Elizabeth Warren's Letter To You- It’s Time for Moms to Take on Wall Street
Moms,
The economic crisis we are in started one household at a time, with lenders who figured out that they could trick families with credit products that no one could read and that prevent any basic comparison shopping. And now the crisis is taking down American families, one household at a time, with job losses, a widening wave of foreclosures, and billions of lost savings. While economists talk about “the end of the recession,” for millions of families, hard times are getting harder. But we—moms—have a chance to do something about it.
I’ve been a member of MomsRising since it was born. I’m a grandmother now, and my two little granddaughters make me focus on Mom’s issues with more intensity than ever. The tricks are everywhere: The average check overdraft is $17, but the average fee for the check overdraft is $34. Used car dealers get kickbacks up to $3,800 for steering customers into higher-priced loans. Credit card companies calculate interest charges on money you have already paid back. We can stop the sale of deceptive credit. We can stop the hemorrhage of tens of billions of dollars on trick credit card penalties and interest rates, trick overdraft fees and trick car loan kickbacks. We can make credit markets work for us.
But first we should take a step back and think about context. Here is what went wrong and what we can do about it:
Mortgages, credit cards, car loans and the like used to be covered by basic safety rules, many of which were enforced by government agencies. Starting in the 1980s, Wall Street CEOs captured agencies that were supposed to regulate them, taking cops off the beat. They started funneling enormous resources into the political process so that they could rewrite the safety rules—and so they could make sure there wouldn't be any new cops watching out for families.

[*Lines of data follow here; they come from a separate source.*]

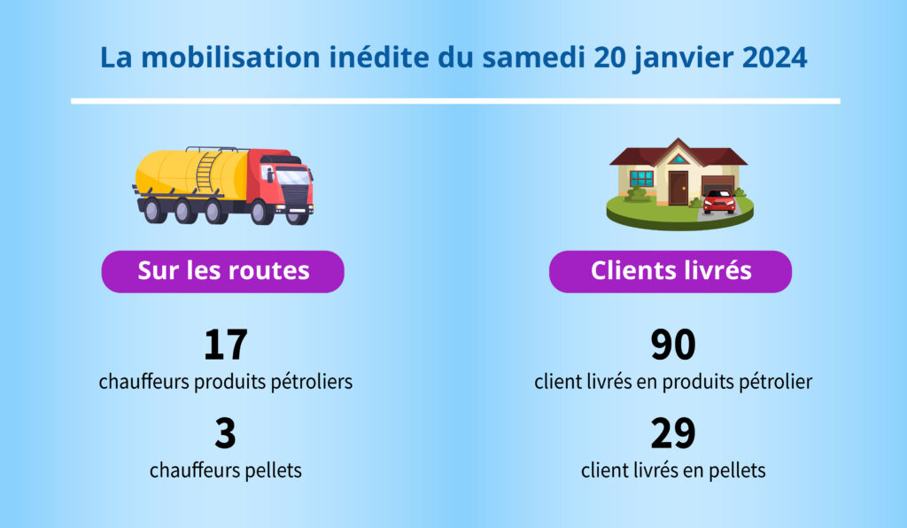 Une fois la météo revenue au beau fixe et les interdictions de circulation levées, une mobilisation exceptionnelle s’est organisée le samedi 20 janvier 2024. Ce jour-là, 20 chauffeurs-livreurs ont répondu présents pour honorer
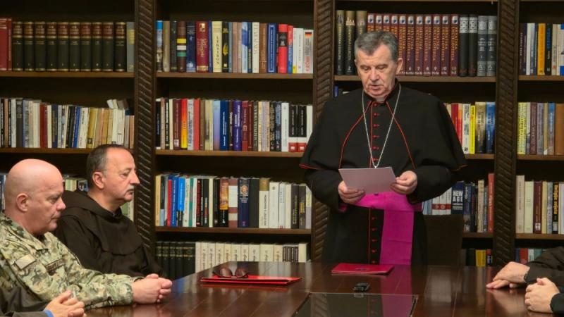 Pozdravni govor vrhbosanskog nadbiskupa i dosadašnjeg apostolskog upravitelja Vojnog ordinarijata u BiH mons. Tome Vukšića održan u prigodi imenovanja novog vojnog ordinarija mons. Mire Relote održan na svečanosti u Nadbiskupskoj rezidenciji u Sarajevu u petak 21. studenog prenosimo u cijelosti.
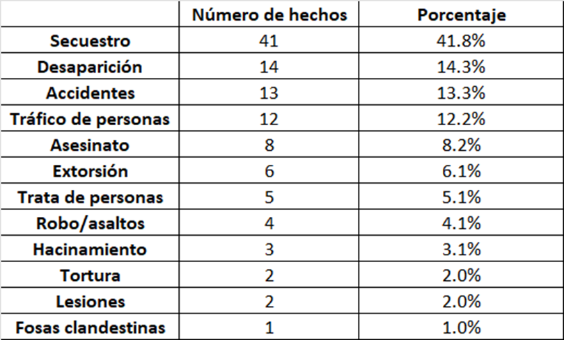 En cuanto a las violencias cometidas contra las personas migrantes en tránsito por México, del total de hechos identificados en las notas (98), 41.8% reportaron la comisión de secuestros, 14.3% la desaparición de migrantes, 13.3% la ocurrencia de accidentes, 12.2% refirieron el delito de tráfico de personas y 8.2% mencionaron el asesinato de alguna persona migrante.

With no laws to hold them back, Wall Street changed its business model. Instead of selling families boring, safe credit cards and mortgages, it started selling products that appeared to have a low cost, but that were laden with tricks and traps that raked in the real money.
That went on for years, and the industry's tricks-and-traps business got more and more out of control. While the average credit card contract was a single page in 1980, today it is more than 30 pages long. Mortgages began to look like credit cards—with teaser rates, hidden fees and stacks of papers to be signed with no real chance to read them. If you haven’t been burned yourself by fine print, you surely have a close friend or family member who has been. And the result is less choice for consumers, more risk in the system, and innovation driven around the development of new tricks and traps rather than around serving customer preferences.
As we now know, the sale and re-sale of deceptive mortgages and other dangerous products went on to make trillions of dollars for Wall Street while bringing the economy to its knees. And when the industry's recklessness brought the biggest banks to the brink of collapse, Wall Street turned to the taxpayers for bailouts and guarantees, which put it right back into big profits and big bonuses.
Today, Congress is in the process of writing the final chapter of this narrative. Its financial regulatory reform legislation will determine the face of our economy for the next 50 years. And Congress is torn between two sides in a raging battle: families on one side and Wall Street on the other.
I believe that the clearest indication of whether families or Wall Street will win will be whether Congress acts to create a new Consumer Financial Protection Agency (CFPA). This consumer agency would put cops on the beat, regulatory cops with the tools to fix the broken credit market by putting an end to deceptive practices. It would empower families to make good financial decisions and put a cop back on the beat in Washington.
But the Wall Street CEOs now have the CFPA bottled up in the Senate. The proposal has made it through the House, and the President is ready to sign it, but we are all waiting for your Senator to make an important choice between your family and the big banks. The CEOs are whispering to the Senators that no one is watching, that they can vote with Wall Street and that no one will care.
This is where Moms come in.
I know how busy you are, but please make your voice heard. Please call your Senators. Please send an email. Please write an op-ed or letter to the editor to your local paper. Say you want a consumer watchdog that will cut out the tricks and traps that are putting families at risk. Announce loud and clear that you are paying attention to what is happening in Washington, and that you want to know whose side your Senators are on. It doesn’t have to be fancy. It just has to happen.
And it can happen especially quickly if you go to this link: http://www.change.org/affil/actions/view/tell_the_senate_we_need_financial_reform_now
The banks and the lobbyists have a lot of power in Washington, but they really might lose this time. Moms could make that happen.